Talia straightened, taking in just how tall Lan Wangji was. And those eyes, gold as a hawk’s. She’d never seen eyes like that on another human being. “I am Herald Talia, Monarch’s Own, Chosen of Rolan. This is Herald-Captain Kerowyn, Chosen of Sayvil. Who do we have the honor of addressing?”
Huaisang stood formally with a flicker of relief, something familiar. “Nie Huaisang, heir of QingheNie.”
“Lan Zhan, courtesy name Lan Wangji, second heir of GusuLan, Hanguang-jun,” Wangji hesitated. “Chosen of Kellen.”
“Nie Zonghui. First Disciple.” Short, to the point, with only the barest shift of the shoulders bearing paired sabers.
Hanguang-jun. Light-bearing Lord, Sayvil had passed along, adding that apparently some cultivators got stuck with titles the way Vanyel Demonsbane and Lavan Firestorm had, and he’d probably be happier if they just used his name. Or names, fine Kellen, they could stand a little rudeness….
Which in Talia’s wry opinion was solid proof Sayvil was just as diplomatic as her Chosen. As in, not. “I’m told courtesy names are polite, so that would be Nie Huaisang, Lan Wangji, and Nie Zonghui?”
A set of nods. Whew.
And then Lan Wangji’s brows lifted.
Ah. Talia remembered what it’d been like, thrown into the Palace and training and taking on the Royal Brat. It’d been a foreign land, even if she did speak the language. Any guide to what was right and wrong to do had been a relief. “In Court, Monarch’s Own would be appropriate,” Talia said gravely. “Herald Talia is always correct.
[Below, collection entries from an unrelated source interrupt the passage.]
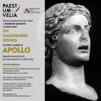 Per questa prima domenica del mese, bambini e ragazzi dai 5 ai 13 anni possono partecipare a una caccia a tesoro, sia a Paestum sia a Velia. Si tratta di una visita- gioco della durata di 90 minuti che farà scoprire ai giovani visitatori i segreti delle antiche città di Poseidonia ed Elea.
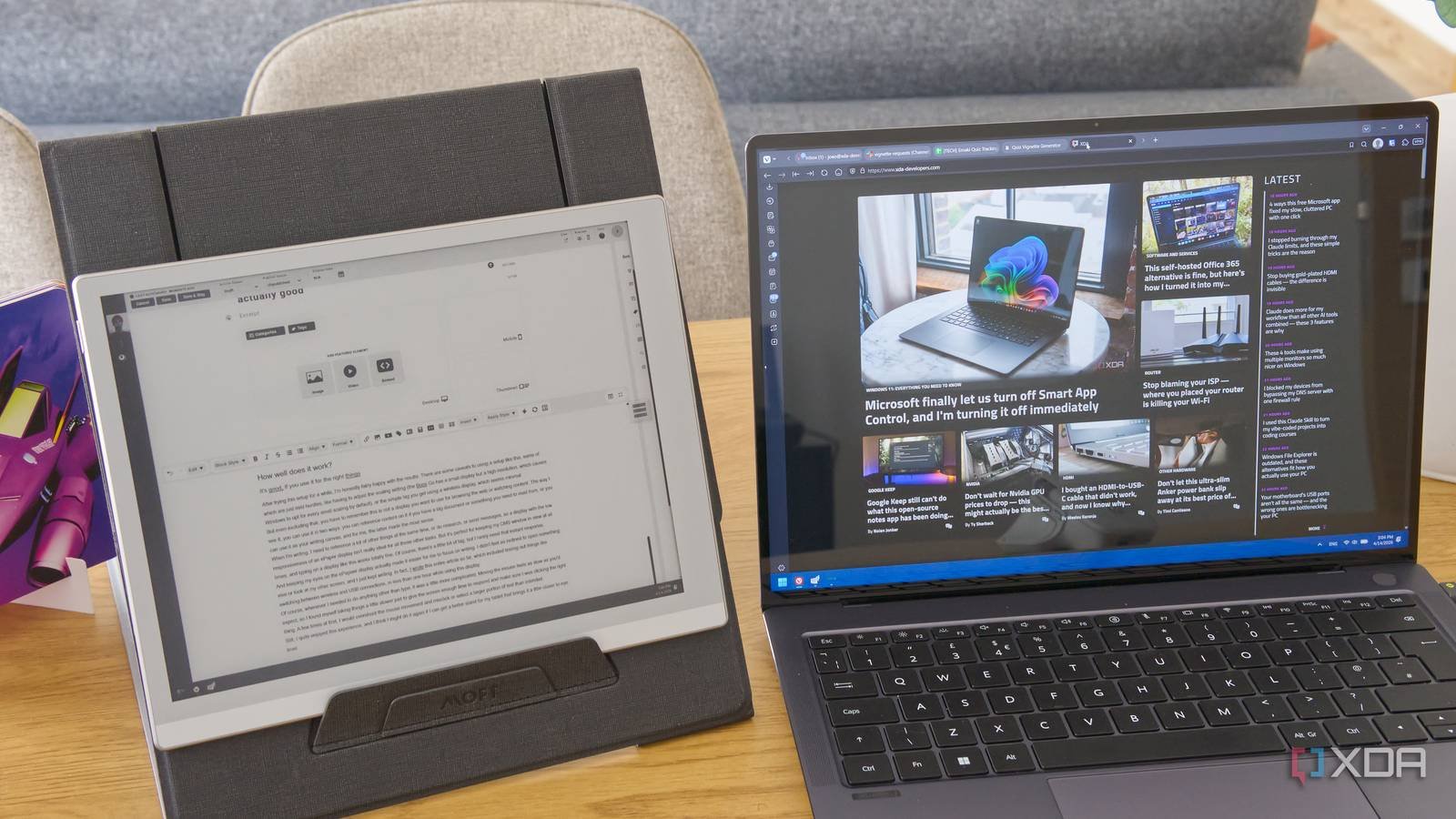 The laptop is used as a second monitor next to the Boox Gop 10.3 ePaper tablet
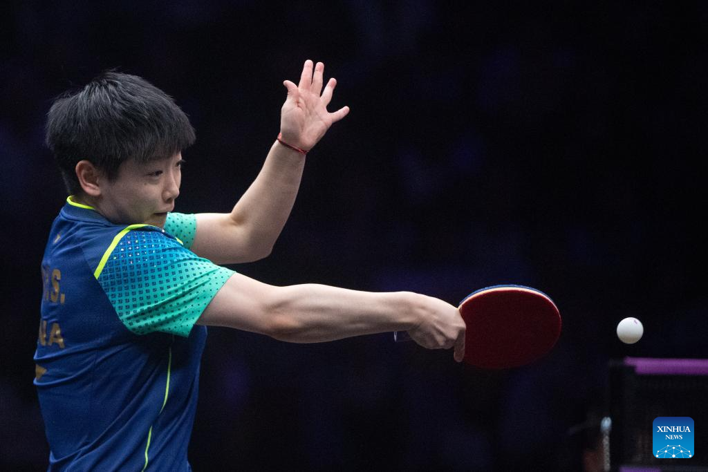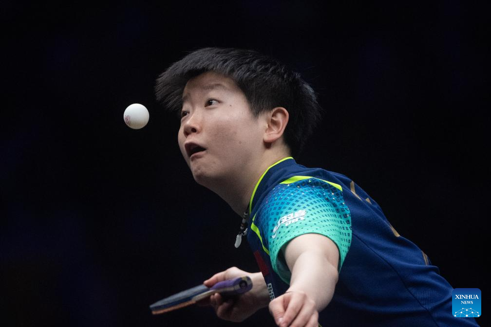 CHONGQING, 3 junio, 2024 (Xinhua) -- Sun Yingsha devuelve la pelota durante la final de individuales femeninos entre Wang Manyu, de China, y Sun Yingsha, de China, en el WTT Champions Chongqing 2024, en Chongqing, en el suroeste de China, el 3 de junio de 2024. (Xinhua/Tang Yi)
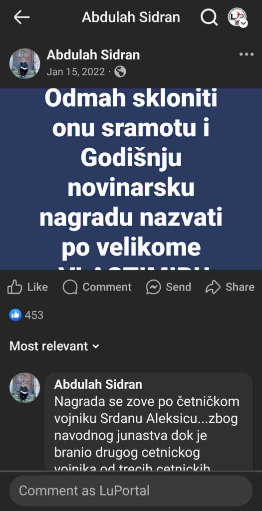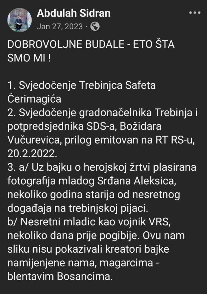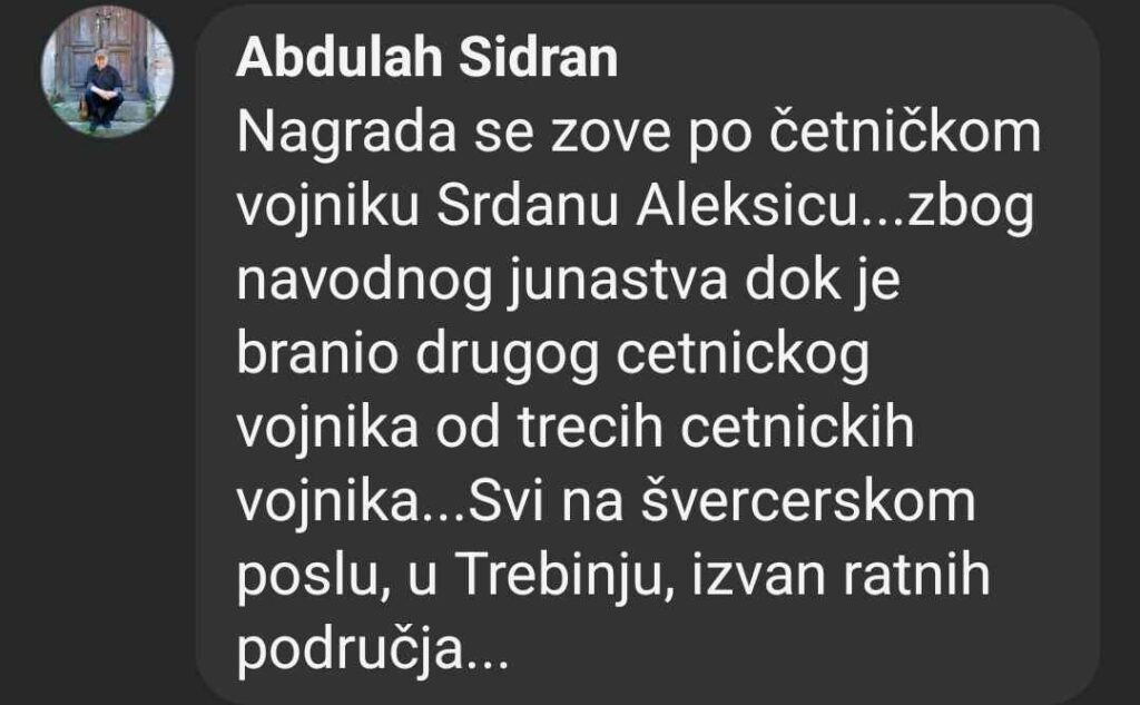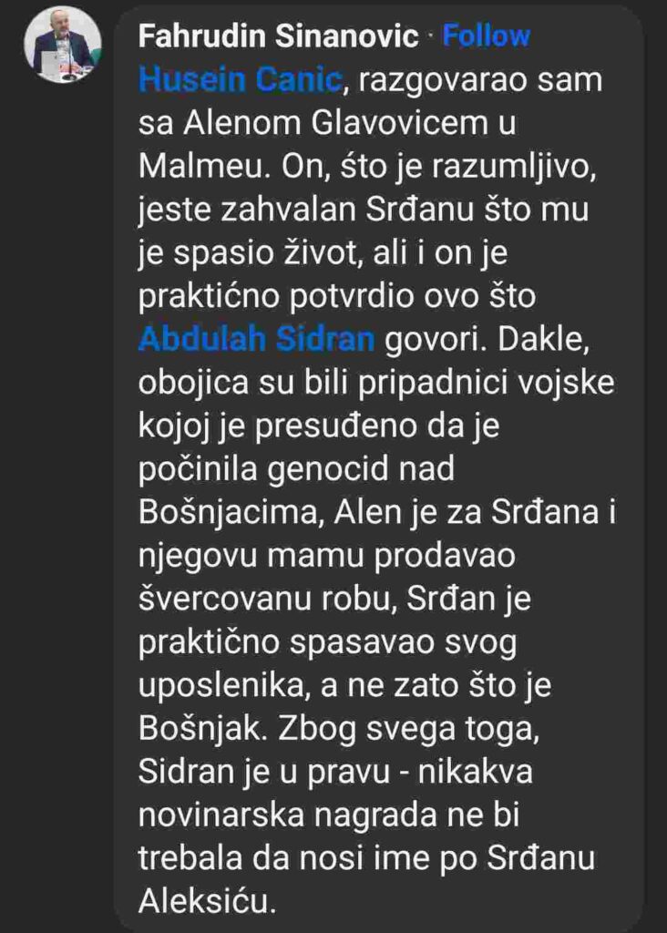 U komentaru na taj Sidranov post, novinar i književnik Fahrudin Sinanović, napisao je:
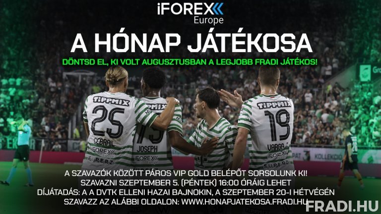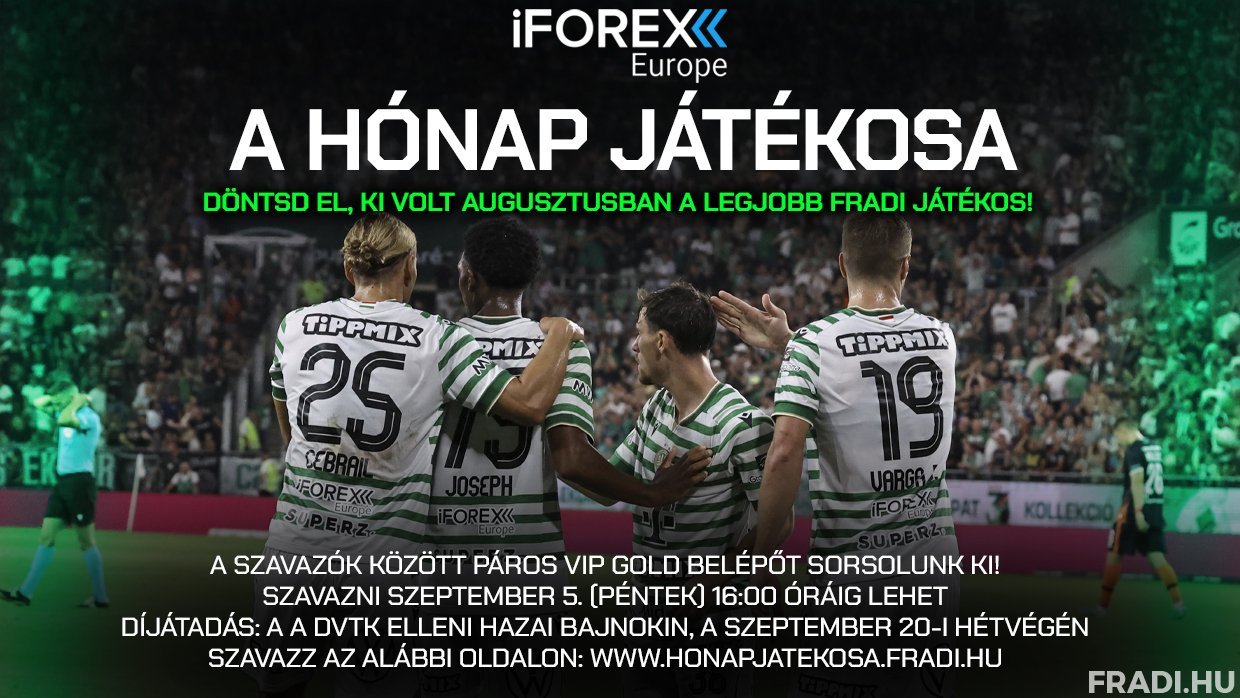 Az iFOREX Europe Hónap Játékosa-díjat az a férfi labdarúgónk kapja, akire a legtöbb szurkolónk szavaz a honapjatekosa.fradi.hu oldalon. Bárkire lehet voksolni, kapusra, hátvédre, középpályásra, csatárra, kezdőjátékosra, esetleg cserére, a lényeg, hogy az adott hónapban az illető – bármelyik sorozatban - legalább 45 percet a pályán töltött, és teljesítményével hozzájárult a csapat sikereihez. Megéri szavazni, hiszen a voksolók között értékes nyereményt sorsolunk ki: a fődíj egy páros VIP-belépő valamelyik hazai bajnoki mérkőzésünkre!
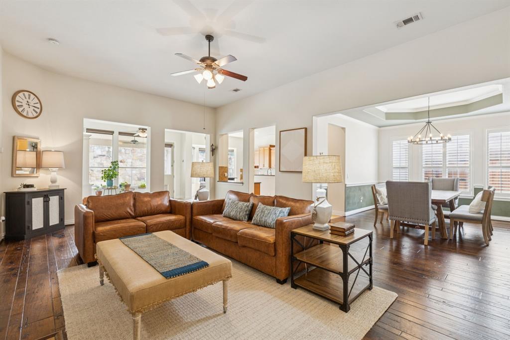 Welcome to an ideal single-story, 3 car on a quarter acre in The Landing at Waterstone! This 3-bedroom beauty has space for everything with three versatile living areas, a dedicated office featuring a coffered ceiling, a bay window, and French doors plus a 3-car garage and a massive driveway for all your cars, bikes, guests and outdoor sports fun! Quarter-acre lot with a private backyard feels like your own retreat, complete with a covered patio. The sunny solarium-style sunroom makes a great playroom, home gym, or morning coffee spot with a view. Need more flexibility? The open den is ready for movie nights, a second office, or a creative zone. The kitchen has granite counters, a 5-burner gas cooktop, commercial-style faucet, loads of cabinetry and a spacious pantry. The breakfast area features a bay window overlooking the backyard and built in cabinets. Formal dining in tasteful paint colors with chair and crown molding and a tray ceiling. Spacious primary suite with wood floors and a bay window. The primary bath has split double vanities, spacious walk in closet, and a mini tub that's perfect for your pup! Two additional bedrooms are spacious with reach in closets and share a Jack & Jill bath. Hardwood floors in most living areas including the primary bedroom. Plantation shutters, 8' solid core doors, crown molding throughout, 220v wiring in both garages, and a laundry room with a sink, storage, and private entry to that oversized driveway. A unique feature is the custom double-gated entrance to the backyard. All of this in Waterstone, with beautiful open green space, a private lake, pool, clubhouse, and playground. You’re minutes from Wynnwood Park, PGA Frisco, Lewisville Lake, and top-rated Frisco ISD schools. Great floor plan with so many versatile options and room for hobbies, work, play, or guests. Whether you’re hosting friends, planting a garden, or finally getting that Peloton room, this home checks every box!
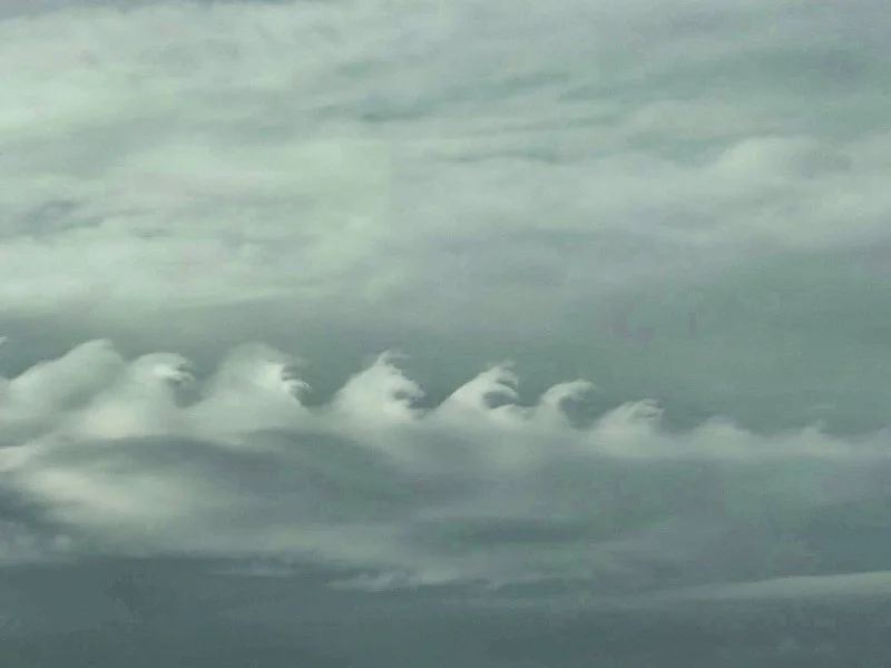 Они формируются, когда два слоя воздуха движутся с разной скоростью: нижний слой плотнее и идёт медленнее, а верхний — легче и быстрее. На границе этих потоков возникают вихри, которые закручивают облака в характерные волны.
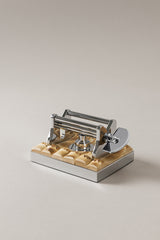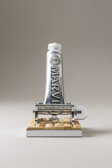 Un meccanismo tanto elegante da riuscire difficilmente ad immaginarne una collocazione nella stanza da bagno. Il misterioso oggetto in ottone cromato che poggia su di un'esotica base in radice di bambù nasconde sotto un'enigmatica estetica la sorprendente natura della sua utilità; la rotazione dello spremi tubetto permette di beneficiare completamente della quantità di dentifricio senza sprecare prodotto.
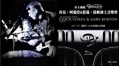 Daimler為英國人心目中難以忘懷的無上品牌,尊貴與豪華仍不足以形容它的地位,無數次成為皇室御用座駕,讓Daimler散發出皇者風範,正由於其形象尊貴,Daimler更傳承英國豪華房車的光榮歷史,擔負起挑戰頂級豪華房車市場之大任,相信只有冠上Daimler的飾徽,方能顯示其輝煌地位,就如同皇冠上閃閃動人的鑽石般;而奇克、柯瑞亞&蓋瑞、波頓的二重演奏,讓人感受到當鋼琴與迴音琴相互組合,就美如鑽石燦如繁星的點點音符迴盪散落,已榮獲12次葛萊美大獎的爵士大師奇克、柯瑞亞,擁有令人望塵莫及的榮耀,並不斷嘗試融合新的音樂元素,創造許多爵士史上經典名曲;2007年3月17日,JAGUAR帝王旗艦Daimler 與兩位大師將攜手為35年合作成就喝采,JAGUAR帝王旗艦Daimler 奇克、柯瑞亞&蓋瑞、波頓爵士音樂會,JAGUAR帝王旗艦Daimler皇室御車,配上爵士萬花筒般驚喜期待,將使台北夜空無限閃耀。
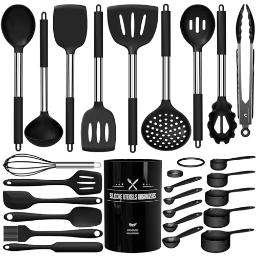 Silicone Kitchen Utensils Set, Umite Chef Large Heat Resistant Cooking Utensil, 26Pcs Silicone Spatulas Set, Stainless Steel Handle, Black Kitchen Gadgets Tools Set for Nonstick Cookware

I’m fine with just Talia, but people in formal settings might not approve.” She nodded at Kero. “She’s Herald-Captain Kerowyn; Herald Kerowyn less formally, or Weaponsmaster.”
Huaisang stiffened at that last, almost as if he wanted to sidle behind the other two.
Kero’s grin was all teeth. “Weaponsmaster’s only if we’re in the salle, or on the training grounds. We don’t usually see foreign nobles there.” She waved toward one of the Farms’ smaller buildings; almost a small cottage, meant for the Monarch’s family and exhausted Heralds to have a place to sit and talk away from the Palace. “Let’s put up your horses and get some hot drinks.”